Communal meals are on the decline: a fact that has serious implications for our mental and physical health and well being.

Sales of dining room tables have dropped, and the average American eats 1 in 5 meals in their car. People in the UK reported eating as many as 60% of their meals in front of the television, and a recent study found that nearly half of American families eat dinner together fewer than three times a week, or not at all.

Every year, October serves as Eat Better, Eat Together month, to promote better eating habits and awareness around the benefits of sharing meals with family and friends.

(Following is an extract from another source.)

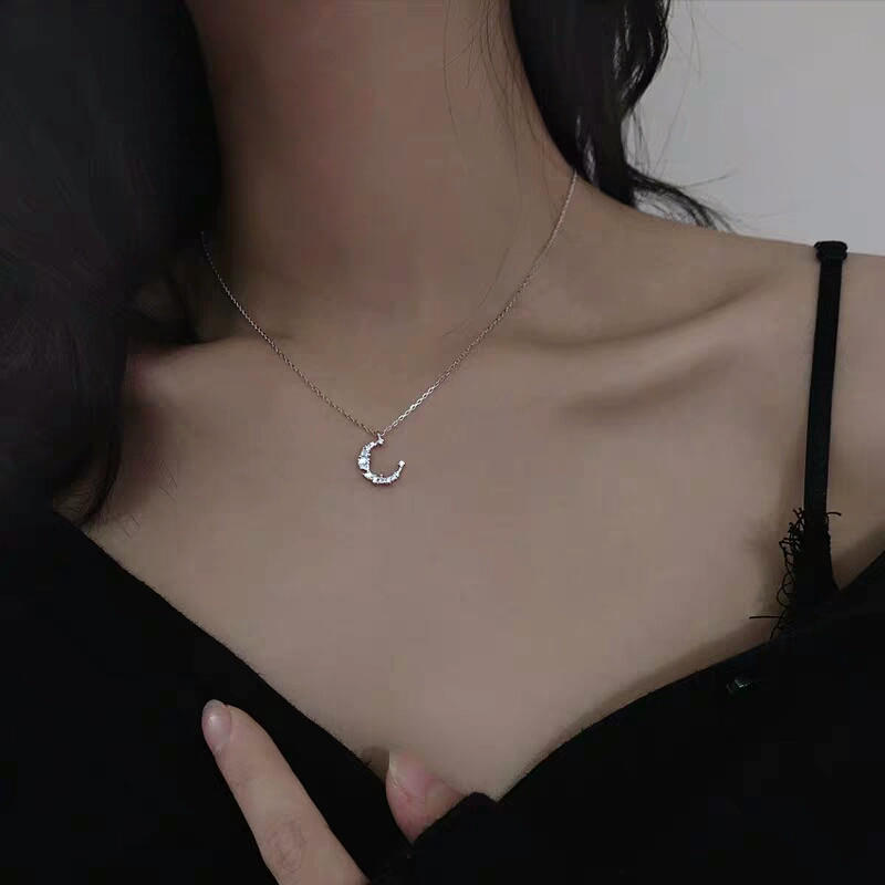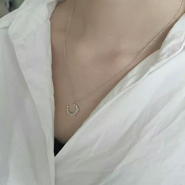 | nameOriginal | s925 all-over sterling silver niche moon necklace female trendy internet celebrity simple temperament cool style versatile Korean style best friend |

Eating family dinner together is associated with making healthy choices, such as eating more fruits and vegetables, and less junk food and soda. Children who participate in frequent family meals are more likely to be in a normal weight range and have healthier eating patterns than those who share fewer than three weekly meals together with their families. They also were found to be less likely to engage in eating disordered behavior than those children who did not regularly share meals with their family.

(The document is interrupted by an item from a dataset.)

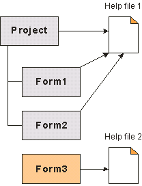 You can link a Help file from both the Project and Form modules. If a Help file is not specified from within the Forms Properties window, the project Help file is used. If a Help file is specified from within the Forms Properties window, it will be used to display Help rather than the project Help file. Forms 1 and 2 use the project Help file. Form 3 uses its own Help file. |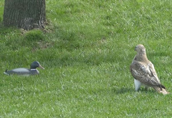 Така, на пример, овој јастреб беше многу збунет околу „патката“ што ја виде, која всушност не беше жива патка, туку украс за тревник. Јастребот помисли дека си најде вкусна вечера, но се збуни затоа што патката не реагираше никако на неговите закани. Така, тој почна да покажува јасни знаци на сомнеж и конфузија. Одеднаш оди до патката и ја напаѓа, и тоа го прави неколку пати. Сето тоа трае 2 минути, повремено движејќи се или напаѓајќи ја пластичната патка, па можете да забележите дека е целосно збунет затоа што патката не се движи и не реагира на никаков начин.

Communal meals aren’t just important for the health of our children. Eating together, instead of while working at our computers or watching TV, benefits adults, as well. The Harvard Health Blog reported that eating  in front of the television or while distracted, can lead to the consumption of an additional 10% more calories during the meal, and 25% more calories throughout the day, regardless of where later meals are had. These implies that even one distracted meal per day can have a lasting impact on our waistline.

Eating together promote healthier habits and food choices for the entire family. It also provides much needed community among family and friends, and builds bonds over shared experiences.

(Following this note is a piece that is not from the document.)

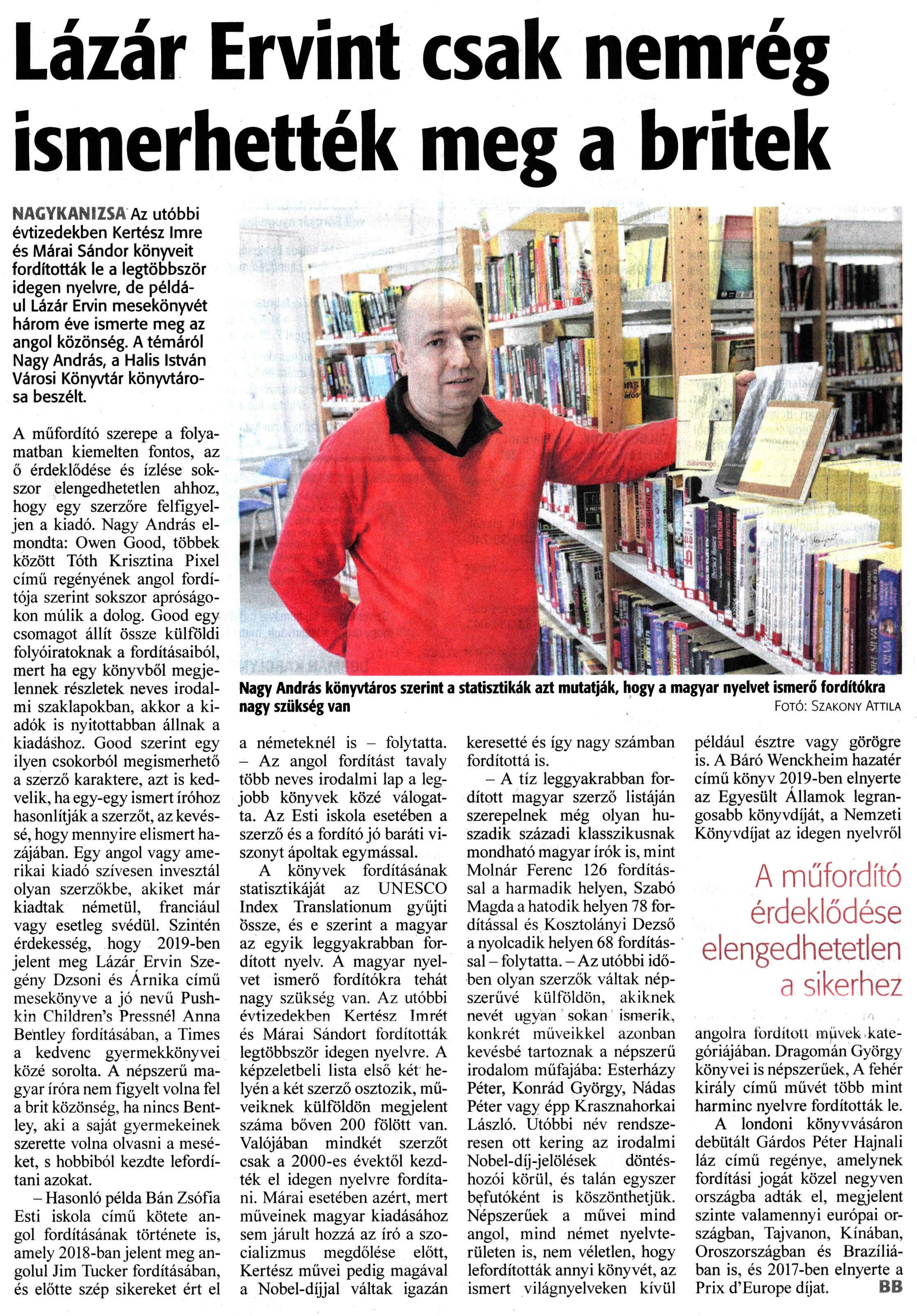 Nyilvános 1146 | 1605 | Zalai Hírlap 2022. február 9. 33. szám 12. oldal | Lázár Ervint csak nemrég ismerhették meg a britek NAGYKANIZSA Az utóbbi évtizedekben Kertész Imre és Márai Sándor könyveit fordították le a legtöbbször idegen nyelvre, de például Lázár Ervin mesekönyvét három éve ismerte meg az angol közönség. A témáról Nagy András, a Halis István Városi Könyvtár könyvtárosa beszélt. A műfordító szerepe a folyamatban kiemelten fontos, az ő érdeklődése és ízlése sokszor elengedhetetlen ahhoz, hogy egy szerzőre felfigyeljen a kiadó. Nagy András elmondta: Owen Good, többek között Tóth Krisztina Pixel című regényének angol fordítója szerint sokszor apróságokon múlik a dolog. Good egy csomagot állít össze külföldi folyóiratoknak a fordításaiból, mert ha egy könyvből megjelennek részletek neves irodalmi szaklapokban, akkor a kiadók is nyitottabban állnak a kiadáshoz. Good szerint egy ilyen csokorból megismerhető a szerző karaktere, azt is kedvelik, ha egy-egy ismert íróhoz hasonlítják a szerzőt, az kevéssé, hogy mennyire elismert hazájában. Egy angol vagy amerikai kiadó szívesen invesztál olyan szerzőkbe, akiket már kiadtak németül, franciául vagy esetleg svédül. Szintén érdekesség, hogy 2019-ben jelent meg Lázár Ervin Szegény Dzsoni és Árnika című mesekönyve a jó nevű Push-kin Children''s Pressnél Anna Bentley fordításában, a Times a kedvenc gyermekkönyvei közé sorolta. A népszerű magyar íróra nem figyelt volna fel a brit közönség, ha nincs Bentley, aki a saját gyermekeinek szerette volna olvasni a meséket, s hobbiból kezdte lefordítani azokat. - Hasonló példa Bán Zsófia Esti iskola című kötete angol fordításának története is, amely 2018-ban jelent meg angolul Jim Tucker fordításában, és előtte szép sikereket ért el a németeknél is - folytatta. - Az angol fordítást tavaly több neves irodalmi lap a legjobb könyvek közé válogatta. Az Esti iskola esetében a szerző és a fordító jó baráti viszonyt ápoltak egymással. A könyvek fordításának statisztikáját az UNESCO Index Translationum gyűjti Össze, és e szerint a magyar az egyik leggyakrabban fordított nyelv. A magyar nyelvet ismerő fordítókra tehát nagy szükség van. Az utóbbi évtizedekben Kertész Imrét és Márai Sándort fordították legtöbbször idegen nyelvre. A képzeletbeli lista első két helyén a két szerző osztozik, műveiknek külföldön megjelent száma bőven 200 fölött van. Valójában mindkét szerzőt csak a 2000-es évektől kezdték el idegen nyelvre fordítani. Márai esetében azért, mert műveinek magyar kiadásához sem járult hozzá az író a szocializmus megdőlése előtt, Kertész művei pedig magával a Nobel-díjjal váltak igazán keresetté és így nagy számban fordítottá is. - A tíz leggyakrabban fordított magyar szerző listáján szerepelnek még olyan huszadik századi klasszikusnak mondható magyar írók is, mint Molnár Ferenc 126 fordítással a harmadik helyen, Szabó Magda a hatodik helyen 78 fordítással és Kosztolányi Dezső a nyolcadik helyen 68 fordítással - folytatta. - Az utóbbi időben olyan szerzők váltak népszerűvé külföldön, akiknek nevét ugyan sokan ismerik, konkrét műveikkel azonban kevésbé tartoznak a népszerű irodalom műfajába: Esterházy Péter, Konrád György, Nádas Péter vagy épp Krasznahorkai László. Utóbbi név rendszeresen ott kering az irodalmi Nobel-díj-jelölések döntéshozói körül, és talán egyszer befutóként is köszönthetjük. Népszerűek a művei mind angol, mind német nyelvterületen is, nem véletlen, hogy lefordították annyi könyvét, az ismert világnyelveken kívül például észtre vagy görögre is. A Báró Wenckheim hazatér című könyv 2019-ben elnyerte az Egyesült Államok legrangosabb könyvdíját, a Nemzeti Könyvdíjat az idegen nyelvről angolra fordított müvek kategóriájában. Dragomán György könyvei is népszerűek, A fehér király című művét több mint harminc nyelvre fordították le. A londoni könyvvásáron debütált Gárdos Péter Hajnali láz című regénye, amelynek fordítási jogát közel negyven országba adták el, megjelent szinte valamennyi európai országban, Tajvanon, Kínában, Oroszországban és Brazíliában is, és 2017-ben elnyerte a Prix d''Europe díjat. BB Nagy András könyvtáros szerint a statisztikák azt mutatják, hogy a magyar nyelvet ismerő fordítókra nagy szükség van Fotó: Szakony Attila |

So, how do we start incorporating more communal meals into our busy lives? Here are a few tips.

Schedule Family Meals

By putting family meals on the calendar, you can be sure you are accommodating the entire family’s busy schedule. Having a calendar can help change behaviors, and planning in advance can help circumvent excuses that prevent large get togethers. It can also illustrate to the entire family that this is an important time, and show your kids how much you care about them.

Choose Themes For Family Meals

Meal themes can take on many forms, and they are a great way to promote fun bonding among family members. Choose another country’s native cuisine, and ask kids to source fun recipes they’d like to try. Or, set a breakfast date for the entire family to prepare the meal together. This isn’t limited to the morning, either!  Breakfast for dinner is very popular among children, and could get them looking forward to the meal days in advance!

Ask Your Family What They Want

This isn’t just limited to adolescents. Ask your partner and older children, too. We are more invested in an outcome when we are able to contribute in some way. If you’re the one preparing the meal, it also gives you the chance to hear what it is your family craves, and then put a healthier spin on it.

Get Out of The Dining Room

Pack a picnic, go to a new restaurant, or plan an even larger communal meal at a friend’s house. Bringing two different families together has the potential to re-normalize communal meals, as your family will see this is a habit others participate in as well.

Remember, habits may take a while to form! Even if your family seems resistant at first, keep trying. The benefits of eating together are too worthwhile to ignore!